Slowed by injuries, Rockets center Yao retires
By Fran Blinebury, NBA.com
Posted Jul 8 2011 4:07PM
HOUSTON -- Yao Ming, the first major Chinese star to break into the NBA, has decided to retire after nine star-crossed seasons with the Rockets, according to league sources.
Yahoo! Sports was the first to report the announcement.
The 30-year-old center played just five games over the past two seasons and has determined that he is unable to make a complete recovery from stress fracture in his left ankle and tendon strain.
At 7-foot-6, Yao entered the league as the No. 1 pick in the 2002 draft and became literally and figuratively the largest symbol of the NBA's growing expansion around the world and particularly in Asia.
Yao was an eight-time NBA All-Star and in five seasons he was voted onto the league's second or third All-NBA team.

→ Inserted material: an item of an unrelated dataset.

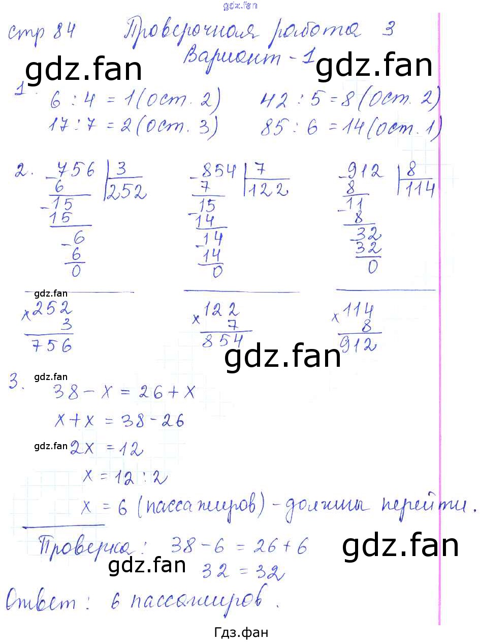 Проверка домашнего задания всегда занимает большое количество времени. На помощь приходит ГДЗ фан по Математике третьего класса. Здесь собраны популярные ответы на 84 (работа 3, вариант 1) Математика 3 класс проверочные работы Волкова С.И.
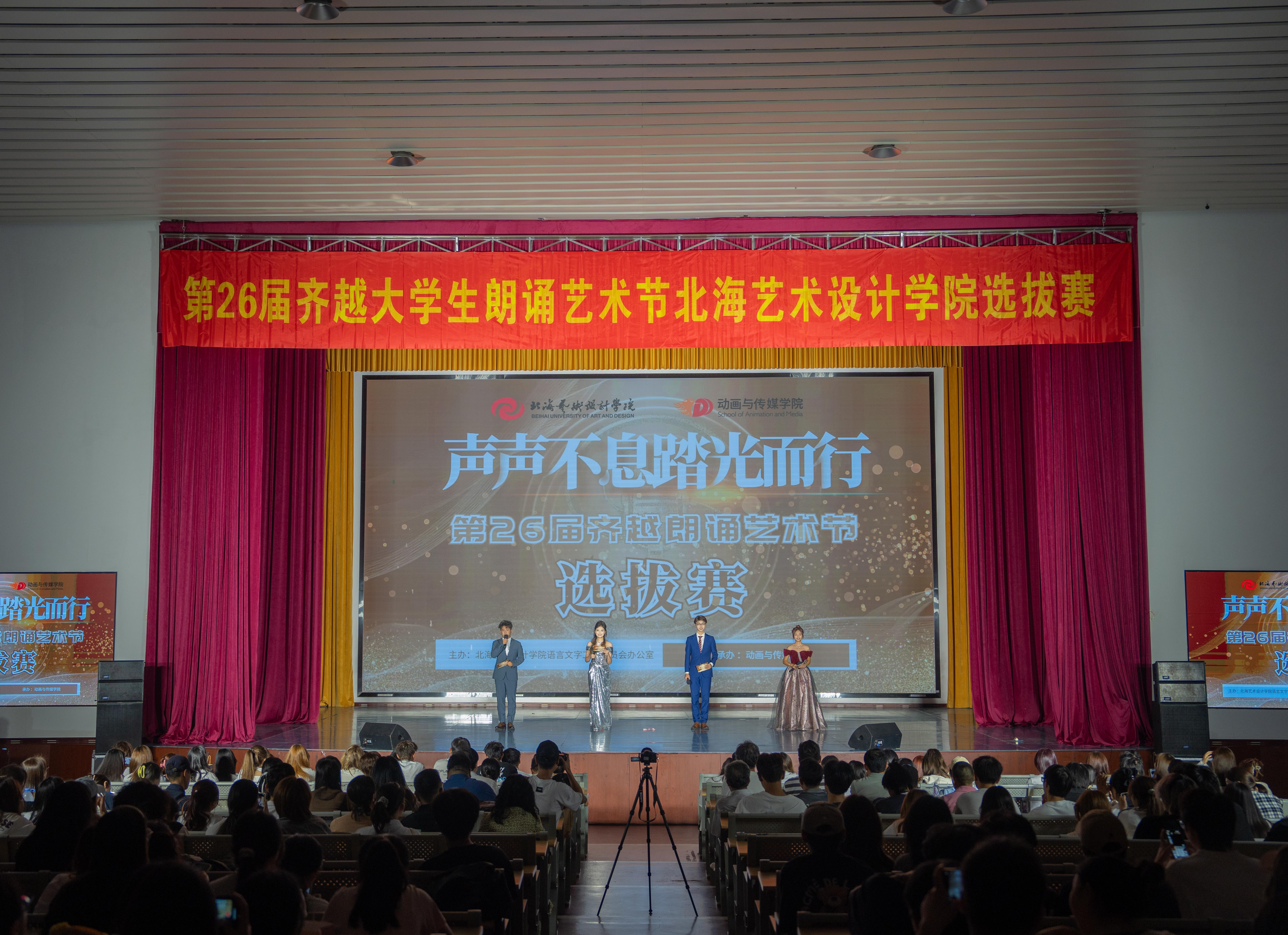 为深入学习贯彻党的二十届三中全会精神,传承发展中华优秀传统文化,鼓励当代青年探索有声艺术的创新表达,奋力推进物质文明和精神文明相协调的现代化。我校于10月13日晚,在西校区大礼堂举行第26届齐越朗诵艺术节暨全国大学生朗诵大会北海艺术设计学院选拔赛。

He averaged 19.1 points and 9.3 rebounds and 1.9 blocked shots in his career.
He arrived in Houston in 2002 as towering and iconic as the durable Great Wall of China, yet over the course of his NBA career Yao's image became increasingly fragile. After missing just two games due to injury in his first three years in the league, he was sidelined for 250 over the past six seasons.
Yao would have become a free agent at end of the current lockout and had spent months trying to rehabilitate his ankle for one more chance at playing. He has said his desire was to remain in Houston to play for the Rockets.

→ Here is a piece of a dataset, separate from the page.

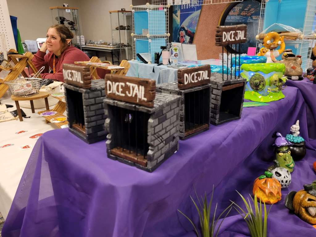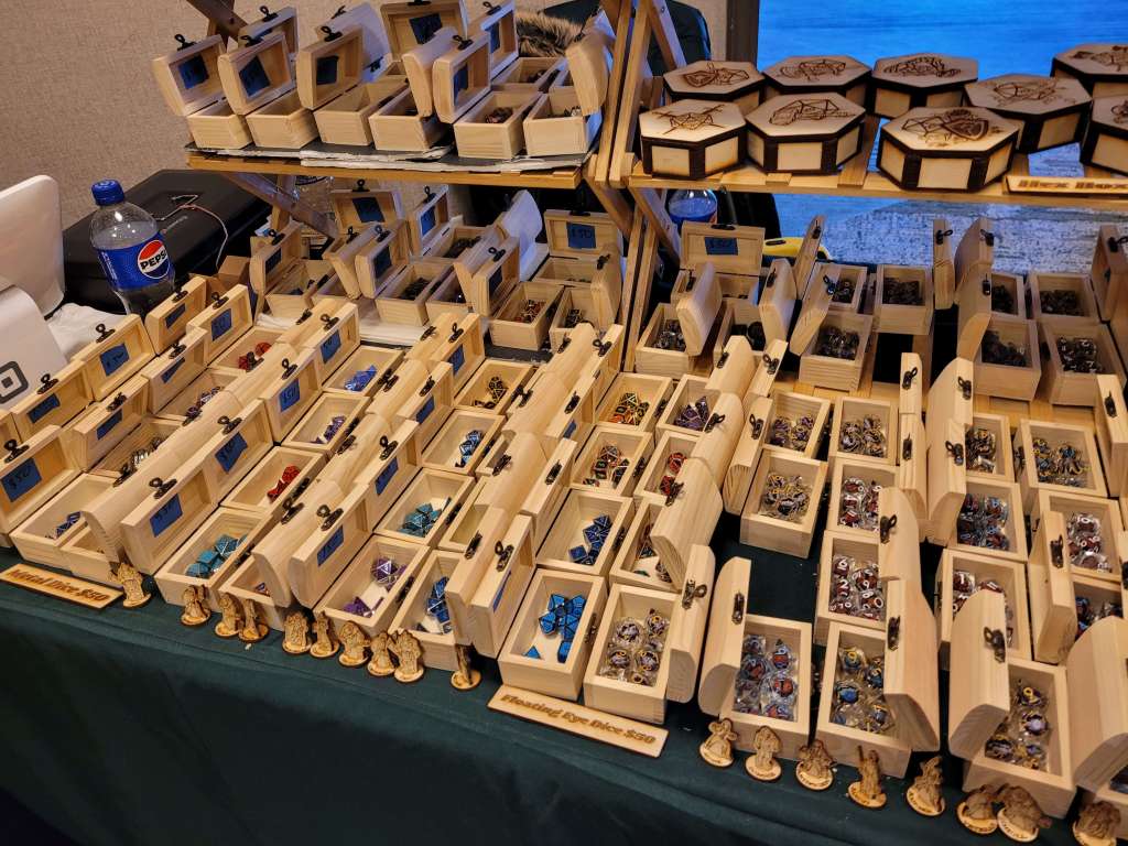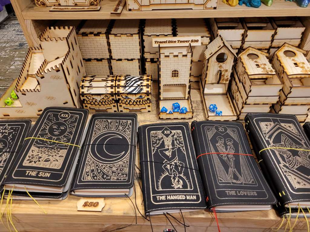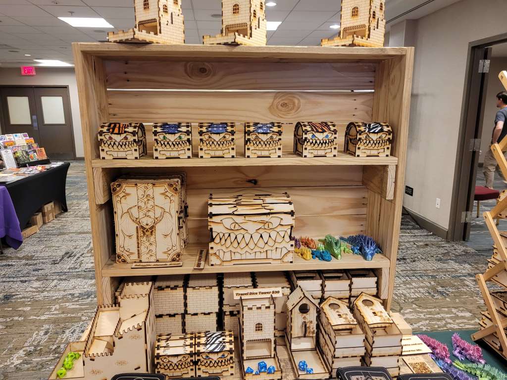 We walked away with an adorable 3D Dragon for my Lily from 3D2U (who’s business card is also a ruler, made of wood. Honestly, I’m gonna use this) and had I all the money to throw at them, I would have. Dice towers, dragons, mimic boxes and monster books. I would have bought it all with nowhere to put all the stunning work. The Beaded Halfling has the best wooden tiles and accessories for your table. There are a few different things I love about his work. Laser cut wood tiles seems an easy concept. But the thought put behind his work is admirable. So, follow me here, the flat parts obviously fit next to each other but the sides that are decoratively cut can also be put together to form a canyon. He has a water section that you can put a clear blue plastic bit in to show that it’s water and still see the squares. Not water, that’s fine. He’s got green, red, black… you can have your players stepping in ANYTHING. Ew. Not to mention the blocks, working portcullis, stairs, pillars. I’m honestly so impressed and the prices are reasonable. If we were still played TTRPGs in person (and if we do in the future), this would be on my list.

However, he did not want to jeopardize his health for life after playing. Yao's parents were concerned enough about his welfare that they did not want him to attempt a return to the NBA after the broken bone in his foot that was suffered in the playoffs of May 2009.
Following the birth of his daughter that same spring, Yao said: "I can only try so many times. I want to be able to run around and play with my child, not always wear a cast and use these crutches."